The attached highly experimental patch adds a new GUC
dynamic_shared_memory_main_size.  If you set it > 0, it creates a
fixed sized shared memory region that supplies memory for "fast" DSM
segments.  When there isn't enough free space, dsm_create() falls back
to the traditional approach using eg shm_open().  This allows parallel
queries to run faster, because:

* no more expensive system calls
* no repeated VM allocation (whether explicit posix_fallocate() or first-touch)
* can be in huge pages on Linux and Windows

This makes lots of parallel queries measurably faster, especially
parallel hash join.  To demonstrate with a very simple query:

  create table t (i int);
  insert into t select generate_series(1, 10000000);
  select pg_prewarm('t');
  set work_mem = '1GB';

  select count(*) from t t1 join t t2 using (i);

Here are some quick and dirty results from a Linux 4.19 laptop.  The
first column is the new GUC, and the last column is from "perf stat -e
dTLB-load-misses -p <backend>".

  size  huge_pages time   speedup  TLB misses
  0     off        2.595s           9,131,285
  0     on         2.571s      1%   8,951,595
  1GB   off        2.398s      8%   9,082,803
  1GB   on         1.898s     37%     169,867

You can get some of this speedup unpatched on a Linux 4.7+ system by
putting "huge=always" in your /etc/fstab options for /dev/shm (= where
shm_open() lives).  For comparison, that gives me:

  size  huge_pages time   speedup  TLB misses
  0     on         2.007s     29%     221,910

That still leave the other 8% on the table, and in fact that 8%
explodes to a much larger number as you throw more cores at the
problem (here I was using defaults, 2 workers).  Unfortunately, dsa.c
-- used by parallel hash join to allocate vast amounts of memory
really fast during the build phase -- holds a lock while creating new
segments, as you'll soon discover if you test very large hash join
builds on a 72-way box.  I considered allowing concurrent segment
creation, but as far as I could see that would lead to terrible
fragmentation problems, especially in combination with our geometric
growth policy for segment sizes due to limited slots.  I think this is
the main factor that causes parallel hash join scalability to fall off
around 8 cores.  The present patch should really help with that (more
digging in that area needed; there are other ways to improve that
situation, possibly including something smarter than a stream of of
dsa_allocate(32kB) calls).

A competing idea would have freelists of lingering DSM segments for
reuse.  Among other problems, you'd probably have fragmentation
problems due to their differing sizes.  Perhaps there could be a
hybrid of these two ideas, putting a region for "fast" DSM segments
inside many OS-supplied segments, though it's obviously much more
complicated.

As for what a reasonable setting would be for this patch, well, erm,
it depends.  Obviously that's RAM that the system can't use for other
purposes while you're not running parallel queries, and if it's huge
pages, it can't be swapped out; if it's not huge pages, then it can be
swapped out, and that'd be terrible for performance next time you need
it.  So you wouldn't want to set it too large.  If you set it too
small, it falls back to the traditional behaviour.
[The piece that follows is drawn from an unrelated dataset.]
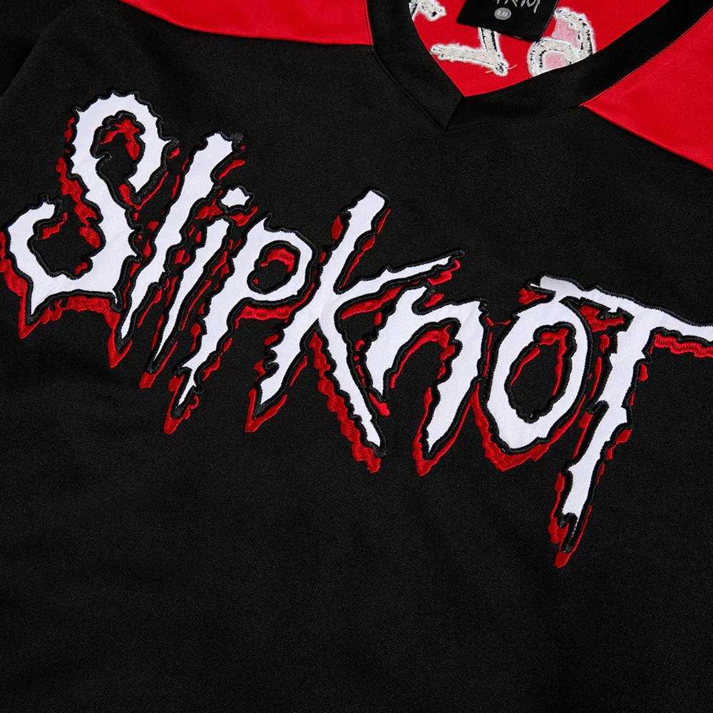 Black white and red hockey jersey featuring embroidered āSlipknotā logo on front, ā9 point starā on sleeves, ānumbersā, āTribal S with 9 point starā logo on back with Slipknot woven tag.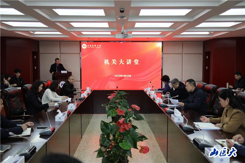 2月29日,机关党委在中都校区教学办公楼第五会议室举办机关大讲堂2024年第一期,机关党委各党支部书记和全体委员参加,会议由机关党委副书记成星亮主持。

One argument I've heard in favour of creating fresh segments every
time is that NUMA systems configured to prefer local memory allocation
(as opposed to interleaved allocation) probably avoid cross node
traffic.  I haven't looked into that topic yet; I suppose one way to
deal with it in this scheme would be to have one such region per node,
and prefer to allocate from the local one.

Attachment

Re: Fast DSM segments

From
Robert Haas
Date:
On Thu, Apr 9, 2020 at 1:46 AM Thomas Munro <thomas.munro@gmail.com> wrote:
> The attached highly experimental patch adds a new GUC
> dynamic_shared_memory_main_size.  If you set it > 0, it creates a
> fixed sized shared memory region that supplies memory for "fast" DSM
> segments.  When there isn't enough free space, dsm_create() falls back
> to the traditional approach using eg shm_open().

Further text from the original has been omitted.